The SEC is being flooded with amicus briefs in the Ripple and XRP lawsuit


The U.S. Securities and Exchange Commission’s (SEC) action against Ripple has attracted the attention of two other parties.

Phillip Goldstein, managing director of the financial advising company Bulldog Investors, and the Investor Choice Advocates Network are the two new parties.

According to a move provided by the digital asset legal website CryptoLaw, both Goldstein and the ICAN, who the exact attorney represents, request the court’s permission to write an amicus brief in the Ripple case.

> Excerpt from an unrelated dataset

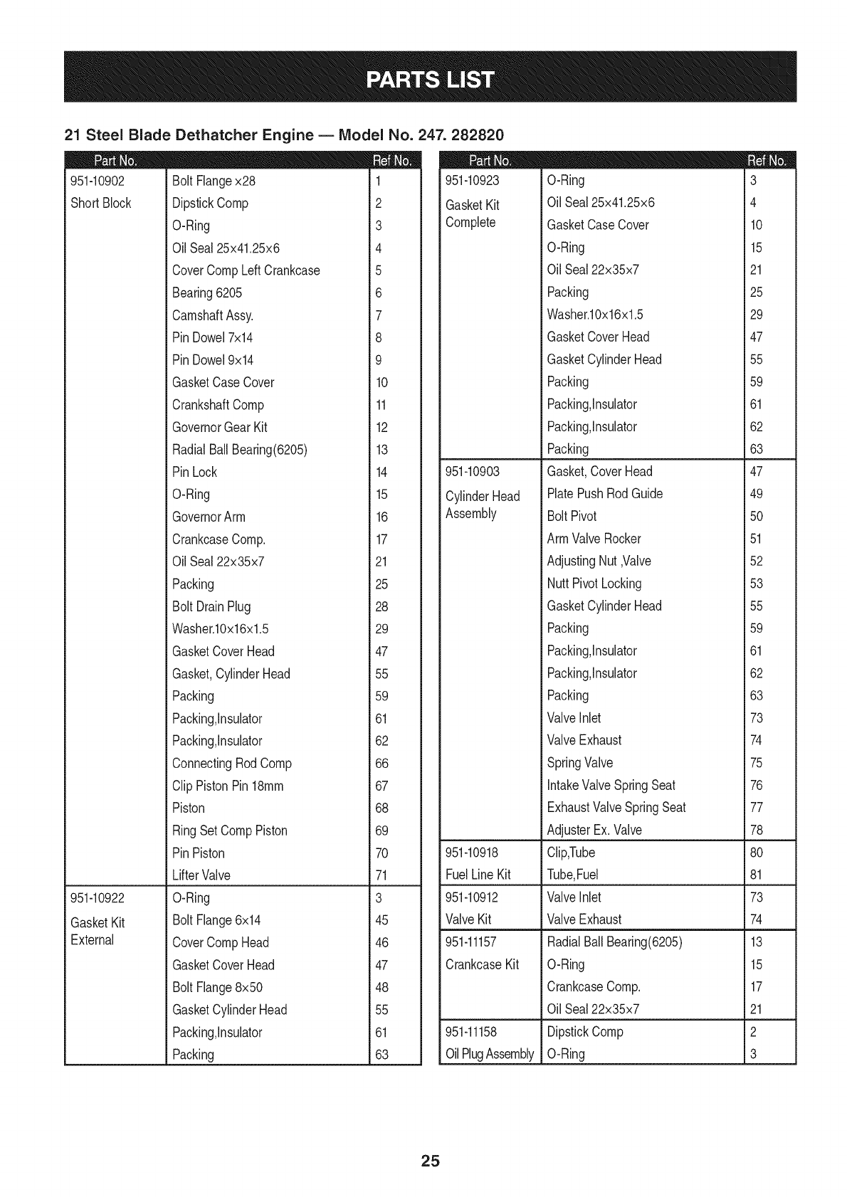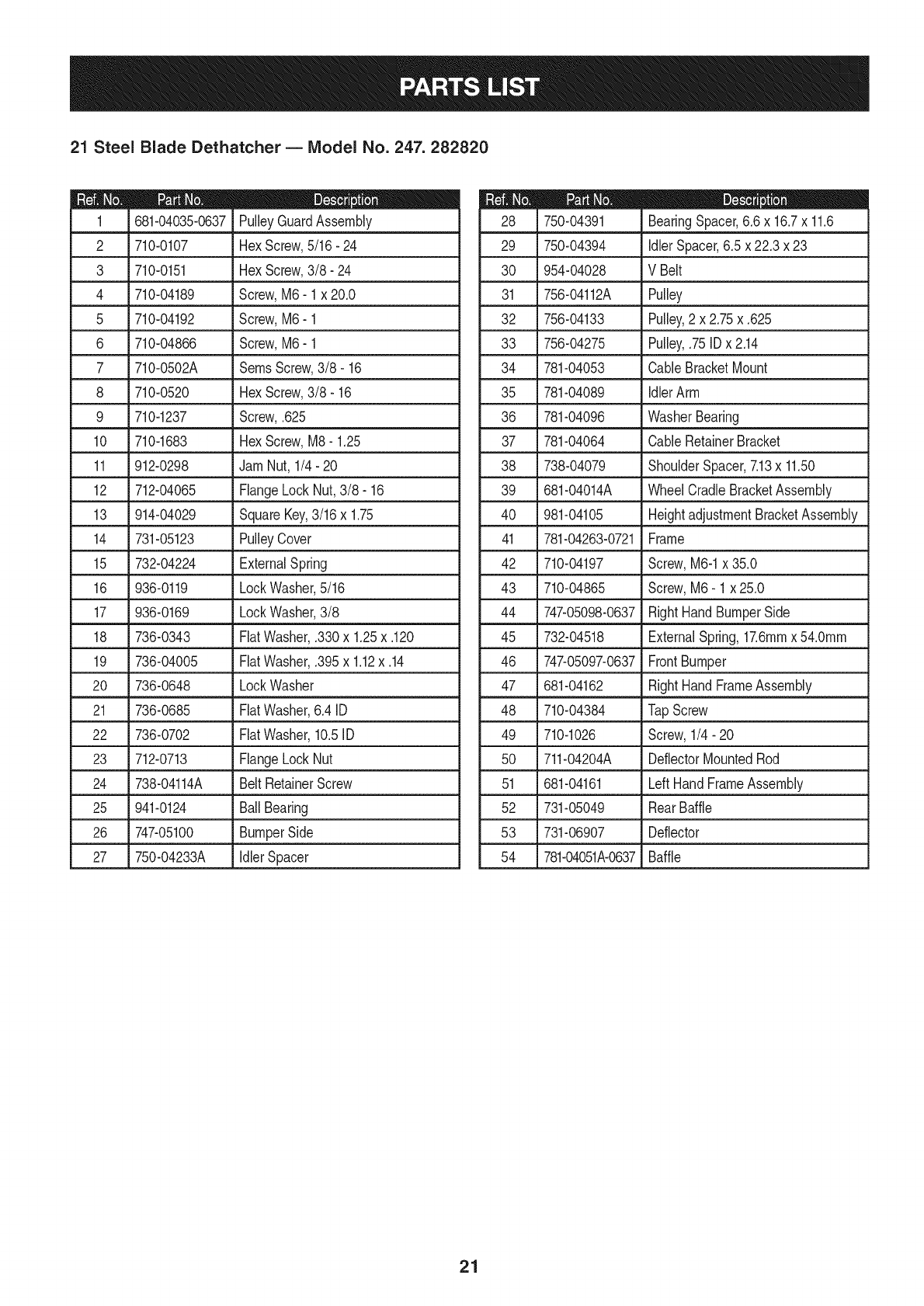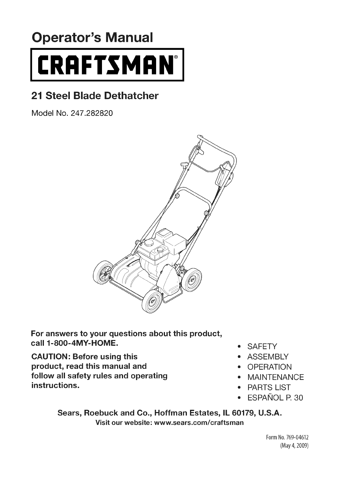 User Manual: Craftsman 247282820 247282820 CRAFTSMAN STEEL BLADE DETHATCHER - Manuals and Guides View the owners manual for your CRAFTSMAN STEEL BLADE DETHATCHER #247282820. Home:Lawn & Garden Parts:Craftsman Parts:Craftsman STEEL BLADE DETHATCHER Manual
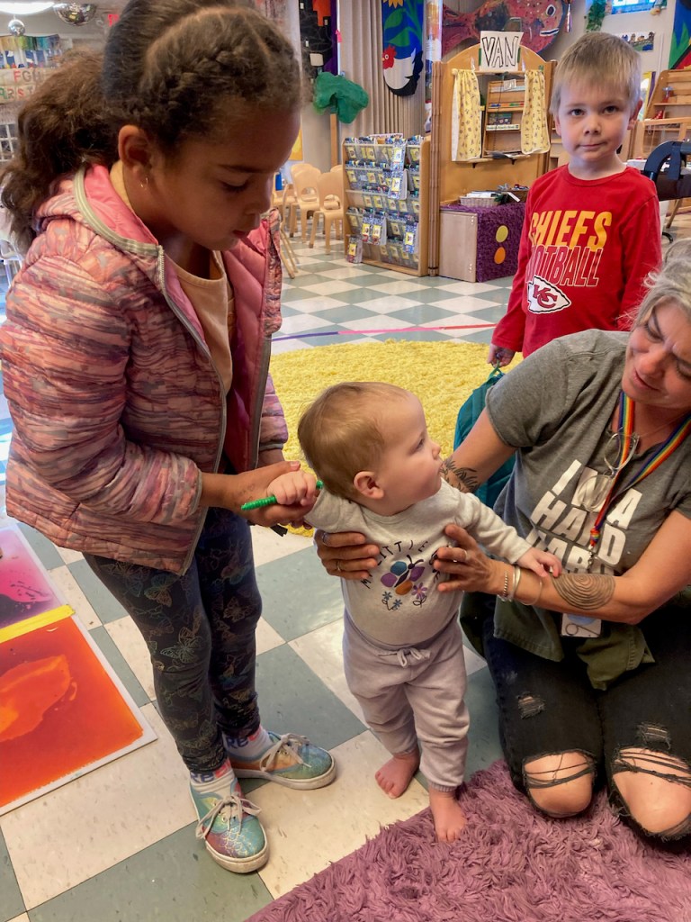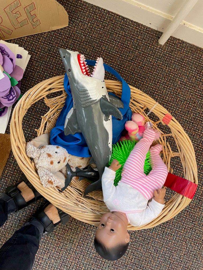 We turned the shopping cart into a double stroller. We also moved the baby things to a new corner along with real diapers. We’ve got a lot of wonderful caregivers in the making.

In the proposed amicus brief, the parties claim that the SEC regulates digital assets using a vague word.

“However, the legislative source for the word “investment contract” provides no evidence that Congress intended this term to include financial transactions unconnected to “any interest or instrument generally referred to as a security.”

In addition, they believe that Congress has not yet decided how to govern digital assets, offering eleven prospective pieces of legislation. Until a compromise is established, the parties assert that the SEC lacks the jurisdiction to regulate digital assets.

they believe that the SEC’s effort to regulate cryptocurrencies exceeds the customary jurisdiction granted to it by Congress.

Jeremy Hogan, a crypto law specialist and Ripple backer, claims that new parties in the case are “attacking the SEC from every aspect.”

A non-profit group has filed an Amicus Brief in opposition to the SEC’s jurisdiction over digital assets, citing, among other precedents, the recent U.S. Supreme Court decision restricting EPA power.